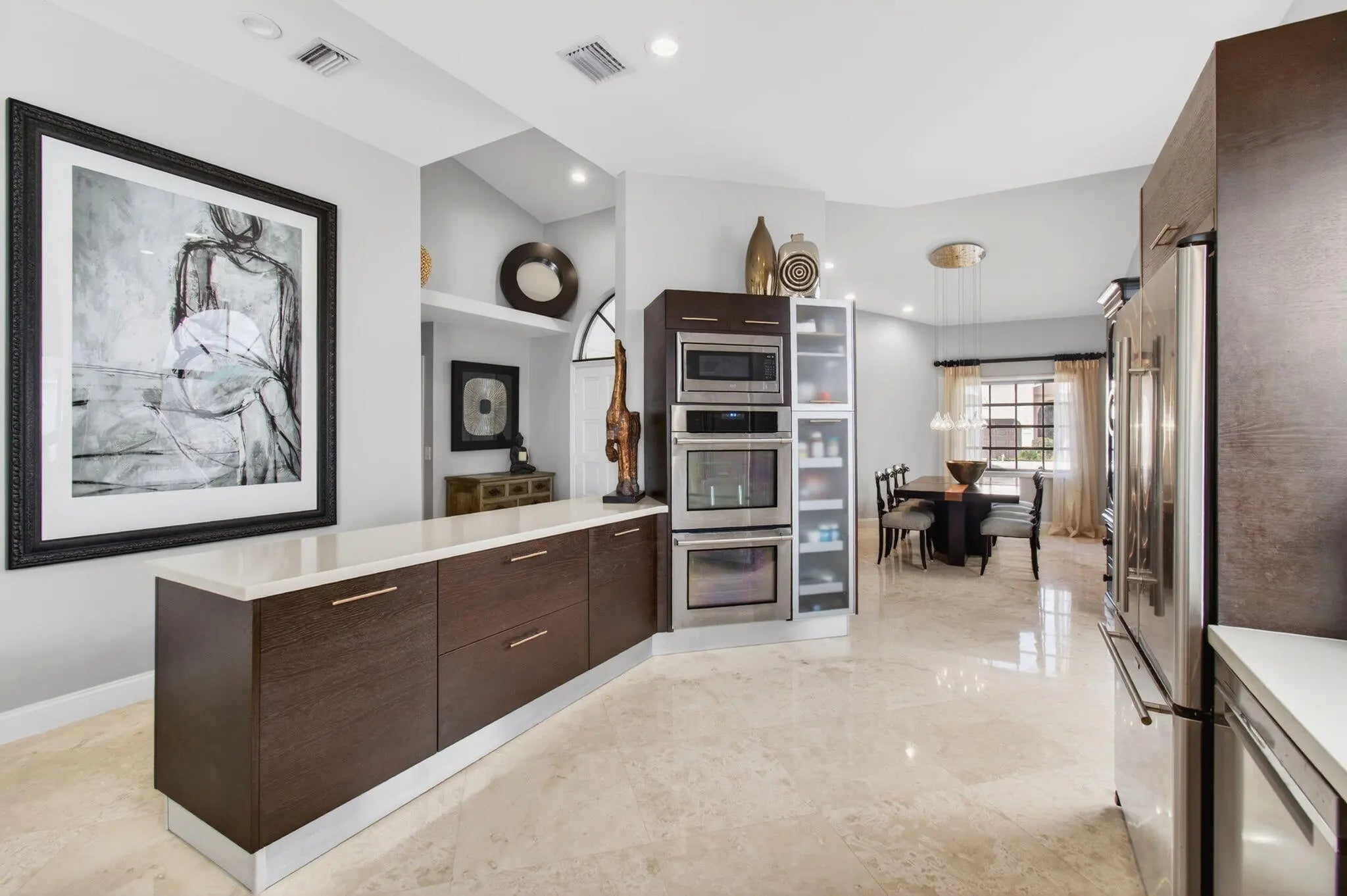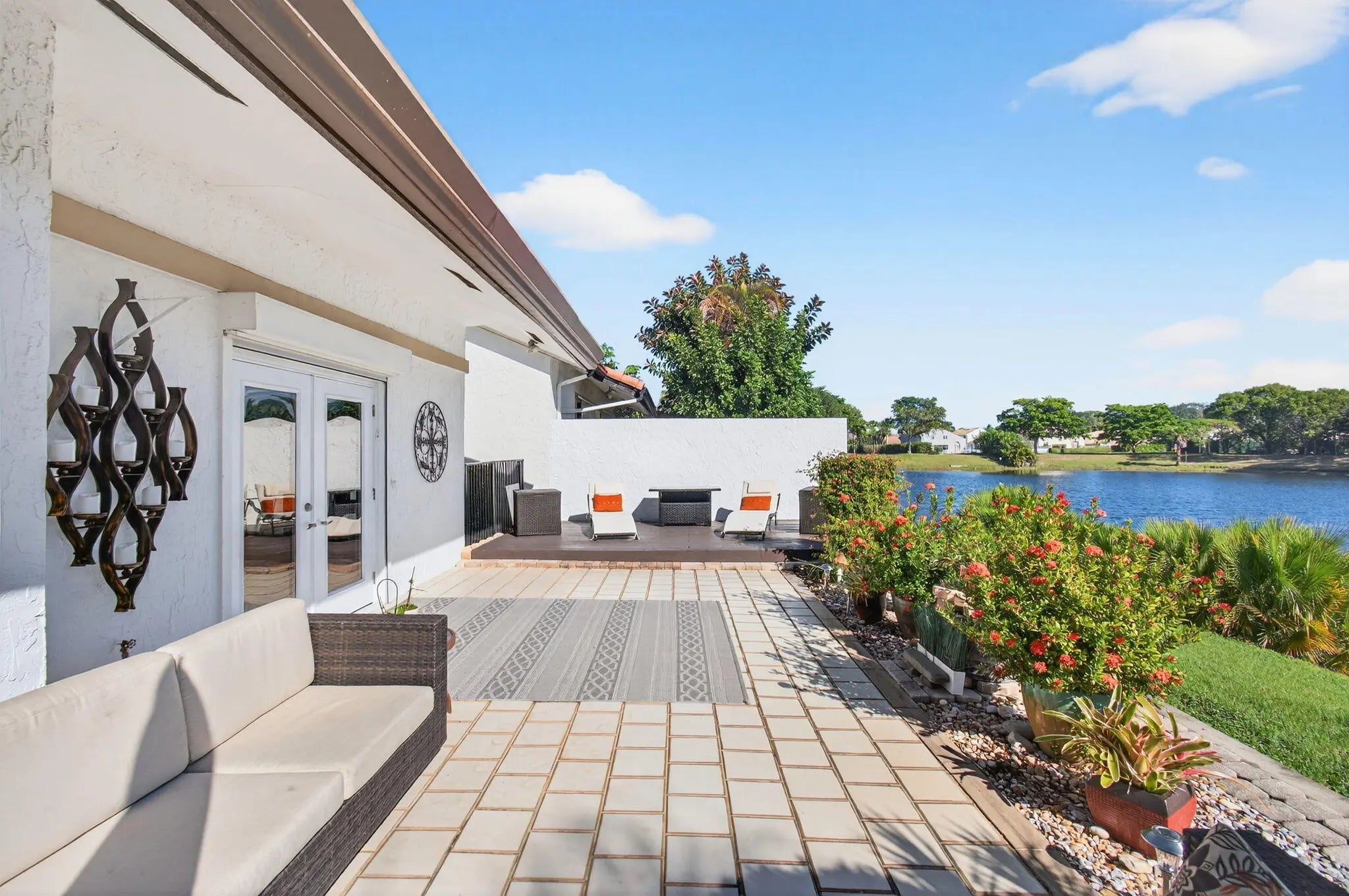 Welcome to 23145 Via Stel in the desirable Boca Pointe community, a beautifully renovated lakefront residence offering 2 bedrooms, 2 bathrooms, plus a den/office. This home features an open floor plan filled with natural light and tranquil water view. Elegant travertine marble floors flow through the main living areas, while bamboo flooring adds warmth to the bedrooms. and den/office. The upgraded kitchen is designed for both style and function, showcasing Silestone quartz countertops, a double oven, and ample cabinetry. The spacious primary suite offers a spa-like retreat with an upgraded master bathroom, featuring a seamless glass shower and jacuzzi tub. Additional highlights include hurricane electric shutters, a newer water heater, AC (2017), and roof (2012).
##########
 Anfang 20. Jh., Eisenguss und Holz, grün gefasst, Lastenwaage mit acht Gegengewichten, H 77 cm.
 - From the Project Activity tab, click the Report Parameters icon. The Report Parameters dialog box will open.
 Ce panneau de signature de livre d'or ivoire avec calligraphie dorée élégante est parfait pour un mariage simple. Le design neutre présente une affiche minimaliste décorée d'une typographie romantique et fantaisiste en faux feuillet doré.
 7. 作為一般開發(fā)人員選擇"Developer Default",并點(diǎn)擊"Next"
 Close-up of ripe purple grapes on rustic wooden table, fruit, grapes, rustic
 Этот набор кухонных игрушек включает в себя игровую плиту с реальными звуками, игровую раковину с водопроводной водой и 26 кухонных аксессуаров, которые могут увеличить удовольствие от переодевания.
##########
*Prompt*. Set down only the lines above that fall between the line holding "- From the Project" and the line holding "Close-up of ripe", inclusive, keeping each exact.

*Output for this exercise*.
 - From the Project Activity tab, click the Report Parameters icon. The Report Parameters dialog box will open.
 Ce panneau de signature de livre d'or ivoire avec calligraphie dorée élégante est parfait pour un mariage simple. Le design neutre présente une affiche minimaliste décorée d'une typographie romantique et fantaisiste en faux feuillet doré.
 7. 作為一般開發(fā)人員選擇"Developer Default",并點(diǎn)擊"Next"
 Close-up of ripe purple grapes on rustic wooden table, fruit, grapes, rustic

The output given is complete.